IP boundaries limit select DNS responses to clients within certain IP blocks. Clients outside those boundaries may be given a fallback response or no response at all.

IP boundary determinations should be considered imprecise as they’re sometimes missing and an interim resolver’s IP is substituted. As such, they are always best effort. Nonetheless, boundaries can be quite useful for guiding a majority of users to the preferred destination.

Start by configuring one or more boundary routing definitions at Routing -> Boundaries -> Add IP Addresses.

Name: a name for this boundary
IPs: one or more IP addresses or CIDR blocks (space separated)

; Configured boundary:
Name: AWS us-west
IPs : 198.51.100.0/24 2001:db8:0:f::/64

Next, assign your boundaries to host records.

; Configured host:
www.your-domain.com  A  192.0.2.1     Boundary=AWS us-west
www.your-domain.com  A  198.51.100.1  Boundary=(not set)

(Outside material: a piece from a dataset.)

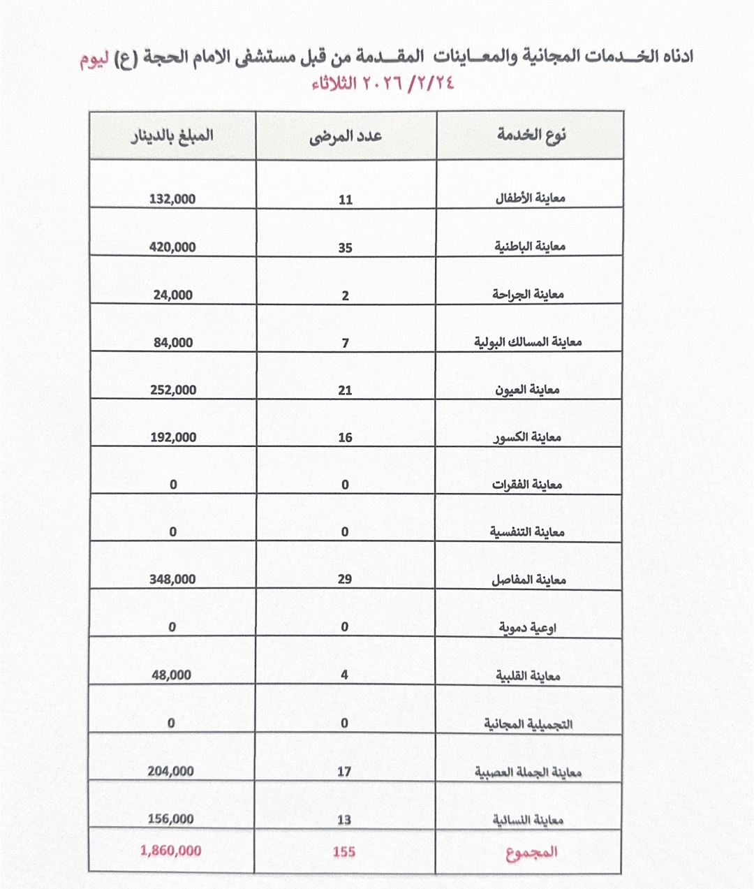 وتحملت إدارة المستشفى التكلفة الكلية للمعاينات والبالغة (1,860,000) دينار عراقي، دعمًا للمرضى وتخفيفًا للأعباء المادية عن كاهلهم.

With the above configuration, clients in AWS us-west will be routed to 192.0.2.1. Everyone else will be routed to 198.51.100.1, which is the fallback record.

When a fallback isn’t needed

Under most circumstances, a fallback record is required. If your configuration doesn’t benefit from a fallback record, you can use a dummy record of 0.0.0.0 (A) or ::0 (AAAA).

www.your-domain.com  A  192.0.2.1  Boundary=AWS us-west
www.your-domain.com  A  0.0.0.0    Boundary=(not set)

Only rarely can fallback records be skipped without negative consequences. Usually both the IP boundary IPs /and/ the A or AAAA records will be non-routable or private IPs (eg: 10.x.y.z). See notes at the bottom and reach out to us with questions or to double-check your situation.


Overlapping IPs

Overlapping IP blocks within a single IP boundary will be merged. For example, 192.0.2.0/24 and 192.0.2.0/25 will be treated as just 192.0.2.0/24.

Overlapping IP blocks on separate IP boundaries must not be assigned to the same hostname. Doing so may result in inconsistent results due to how DNS caches queries.

DNS caching without a fallback

Some DNS resolvers do not scope their cache for “no response” answers. Using boundaries without a fallback deliberately returns “no response”, which can then trigger odd results. If the host records are intended to be queried using broadly available DNS resolvers, it is strongly recommended to add a dummy fallback record (eg: www.your-domain.com A 0.0.0.0 Boundary=(not set)). On the other hand, if the boundary is used to constrain access to a known and limited set of resolvers (eg: a corporate office), then no dummy fallback record is required.

Technical details and Combinations

Boundaries may be assigned to A, AAAA, and ALIAS host record types.

IP and Geo boundary routing are processed together. A client that matches both an IP boundary and a Geo boundary will see both records. A fallback record is only used if neither an IP boundary nor a Geo boundary match.

IP and Geo boundaries are processed before Geo-closest.